As the programme develops, what kinds of changes in caregiving behaviours, beliefs, or knowledge will result?

1. What are the behaviours and the cultural beliefs underlying these behaviours that the programme is encouraging, and who is likely to perform these behaviours?

2. What other activities or belief systems will the primary caregiver forego in order to perform these new caring behaviours?

3. Did the programme consider the influence of psychological and social factors on the mother or child? Was there a concern for these factors in prenatal care, birth procedures, or breastfeeding promotion? Was there a concern for the social and emotional aspects of the weaning and feeding process?

Part III. Programme actions: effect of the child on care

Did the programme consider ways in which characteristics of the child might influence the kinds of caregiving received? Are there parental beliefs that might mean that certain kinds of children are more likely to benefit from the programme than others?

1. Will girl children be affected more or less than boy children?

2. Will the child's anorexia or appetite, energy level, or health or nutrition status influence his or her programme participation?

3. Are there other conditions, such as physical handicaps, that might influence programme participation?

4. Does the programme consider developmental changes in the child's needs for care? Is the programme addressing the appropriate age group?

Part IV. Programme actions: constraints to care

Describe the availability of care at either the household or the community level, and identify possible constraints to that care. Are any of the following factors constraints to care? If so, how can the constraint be ameliorated?

1. Physical ill health of the mother or other caregiver.

2. Lack of self-confidence, depression, or stress.

3. Beliefs about child-rearing and feeding, about who should control the amount of food young children eat, and lack of education or information about child-rearing practices that would achieve parents' goals for children.

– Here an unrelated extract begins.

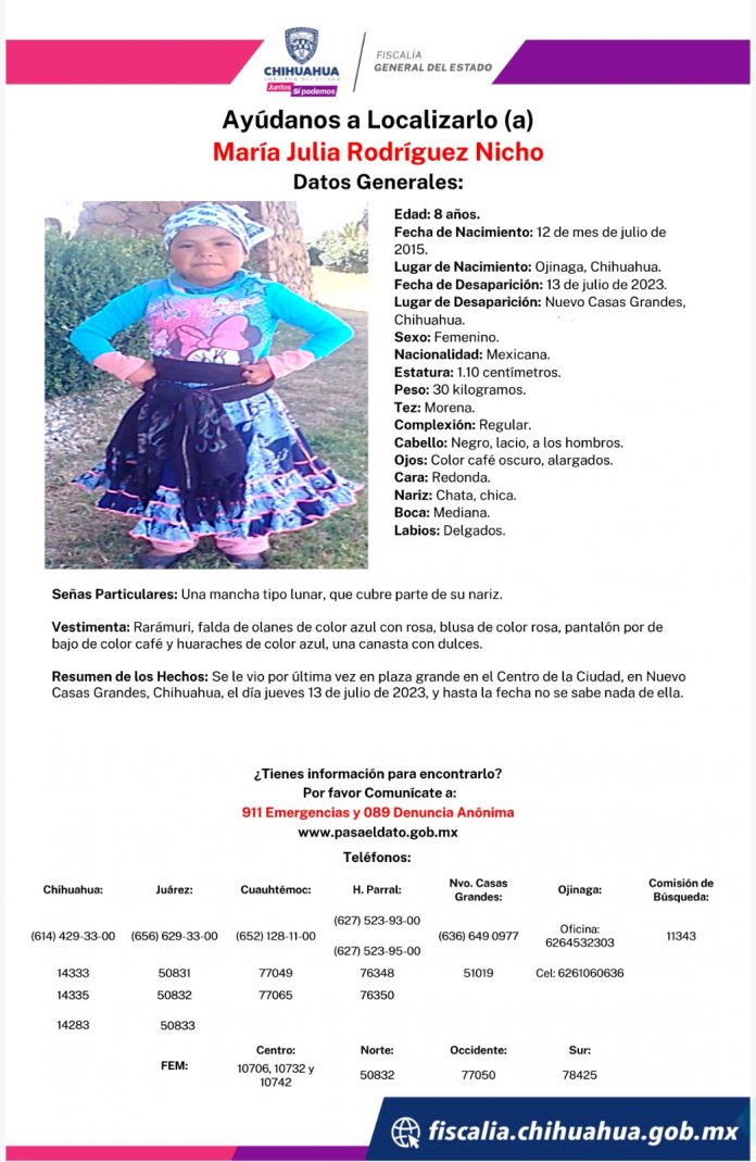 NCG.- La Fiscalía y familiares solicitan ayuda para encontrar a María Julia Rodríguez Nicho de 8 años, quien desapareció el 13 de julio del presente año mientras vendía dulces en la plaza grande de Nuevo Casas Grandes.

4. Excessive workload of mother or other caregiver to achieve household food security; excessive workload for home production and child care or inequitable division of labour; lack of responsibility of other family members (e.g., father).

5. Lack of social support: emotional support, instrumental support (assistance), or informational support from family, community, or services.

6. Absence of resources or lack of control of resources by caregiver.

Part V. Programme actions: basic causes of constraints to care

Has the programme attempted to address any of the basic societal causes of constraints to care observed initially?

1. Technical or material conditions of production.

2. Social conditions of production.

3. Political factors.

4. Ideological or cultural factors.

Part Vl. Evaluation

What indicators of changes in caring behaviours could be used to assess the effectiveness of the programme? Are there measures to assess changes in the caregiver's behaviour, in the child's behaviour, and in developmental outcomes for children?